Our conversation remained from beginning to end under the influence of our father, of his devotion to farming, of his work in behalf of the small farmers of our region, and of our conversation with him.
That conversation was taken up many years ago between Tanya Berry and me. It continues between us and our children and their children.
This is the conversation of agrarians and agrarianism, far larger, older, and longer than our family or any family can remember, involving some people we know, and many we don’t know.
I dedicate this book to that conversation and to all of its members, once, now, and to come.
You had to be here then to be able to don’t see it and don’t hear it now. But I was here then, and I don’t see it now . . .

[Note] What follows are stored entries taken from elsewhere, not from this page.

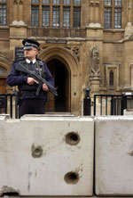 自9.11事件發生以來,英國警方就加強了對英國國會大廈的警戒程度,荷槍實彈的武裝警察終日守衛在國會大廈的主要出口。英國上議院主席日前表示,在目前的政治環境下,對英國國會大廈的安全問題不能有絲毫的松懈思想。他呼吁全倫敦市民都應該加強對潛在恐怖襲擊的警惕性,如果市民一旦發現任何可疑跡象,他們應該馬上向倫敦警方報告。(春風)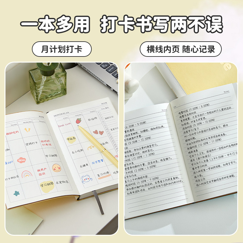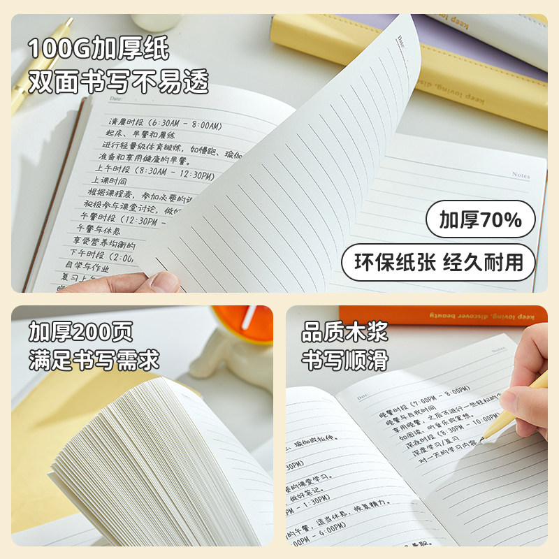 晨光笔记本子 B5米黄横线内页笔记本作业登记本缝线本子A5小学生笔记刷题便携简约可爱记事本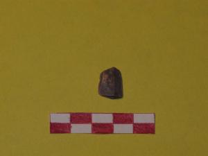Lamella in selce di colore grigio, a sezione riangolare. Frammentata alle due estremità.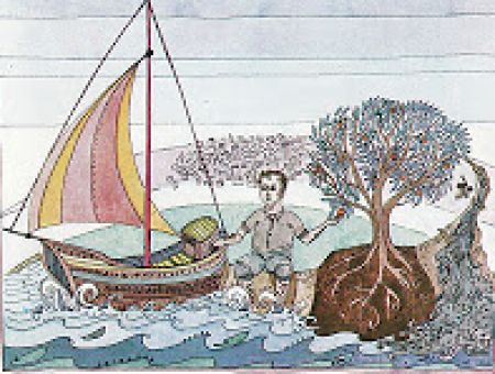 Και αυτό το πλοίο έχει ιστίο τον κορμό (αιώνιο κάθετο) του ΔΕΝΔΡΟΥ της ΖΩΗΣ!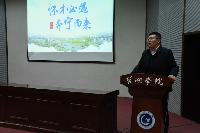 1月13日下午,学校在致知楼报告厅开展实习就业宣讲活动。华紫武代表学校向怀宁县委一行来校招才引智表示热烈欢迎,对怀宁县人社局安排接送怀宁籍学生返乡的贴心服务表示感谢。他介绍了学校基本办学情况、人才培养目标以及怀宁籍学生数据,对学校就业工作进行基本介绍。华紫武表示,学校会全力配合好这次活动的组织开展,让学生返家之路变成省心之路、放心之路、暖心之路。祝鹤鸣对学校的精心接待表示感谢,他从四个维度向在场同学介绍了底蕴深厚的怀宁、蓬勃发展的怀宁、通达秀美的怀宁、求贤若渴的怀宁,希望同学们能抱着“怀才必遇 奔宁而来”的想法到怀宁施展才干,怀宁也会满满的诚意真心爱才、悉心育才、倾心引才、精心用才。与会同学集中观看了怀宁县宣传片,安庆英科医疗有限公司代表从企业规模、人才需求、薪酬体系等方面作了企业宣讲,学校在怀就业毕业生代表王玲进行了交流发言。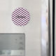 Angesagtes und modernes Trendy Zickzack Magnet. Dieser coole Magnet zeichnet sich durch ein Zickzack Zickzackmuster in lila-weiß aus. Fügen Sie diesem Design einen Text hinzu, um ihm eine persönliche Touch zu geben.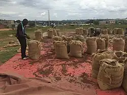 The crop is grown in Ivory Coast mostly by smallholder farmers planting on 1 to 3 hectares.[10] The pods containing the beans are harvested when a sufficient number are ripe, opened to separate the seeds and pulp from the outer rind. The seeds and pulp are usually allowed to ferment somewhere on the farm, before the seeds are dried in a central location. The dried seeds are purchased by a traitant or a buyer who travels among villages in an area to weigh, purchase, and collect the crop. The traitant then takes the crop to a short-holding warehouse in a major town or city where major exporters purchase the seeds and arrange for its export from Ivory Coast.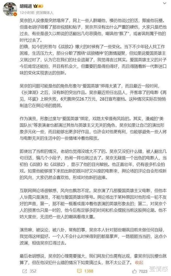 胡锡进的这篇文章,表面上看是在为吴京说话,但细读之下却能发现其中暗含的“春秋笔法”。
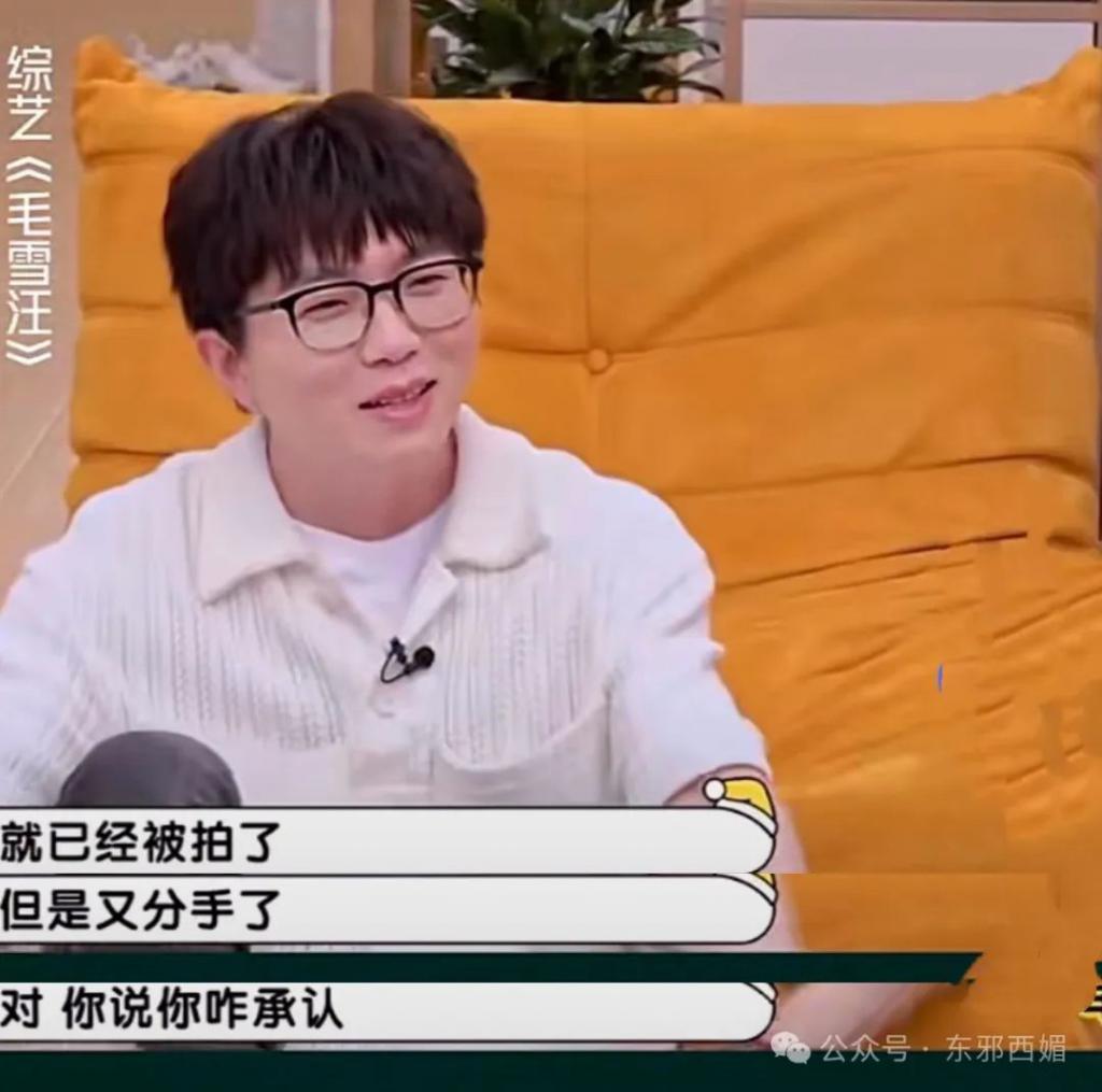毛不易曾跟李雪琴、戚薇一起八卦为什么明星不公开恋情,毛不易说:被拍到不假,但捅出来的时候已经分手了,你说咋承认嘛。

—Ernest J. Gaines, A Gathering of Old Men
. . . our assumption that everything is provisional and soon to be superseded, that the attainment of goods we have never yet had, rather than the defence and conservation of those we have already, is the cardinal business of life . . .
—C. S. Lewis, “De Descriptione Temporum,” Selected Literary Essays
My view is that all artists, whether they know it or not, whether they would repudiate the notion or not, are in fact “showers forth” of things which tend to be impoverished, or misconceived, or altogether lost or willfully set aside in the preoccupations of our present intense technological phase, but which, none the less, belong to man.
So that when asked to what end does my work proceed I can do no more than answer . . . thus: Perhaps it is in the maintenance of some sort of single plank in some sort of bridge.
—David Jones, The Dying Gaul
We are responsible for what we remember.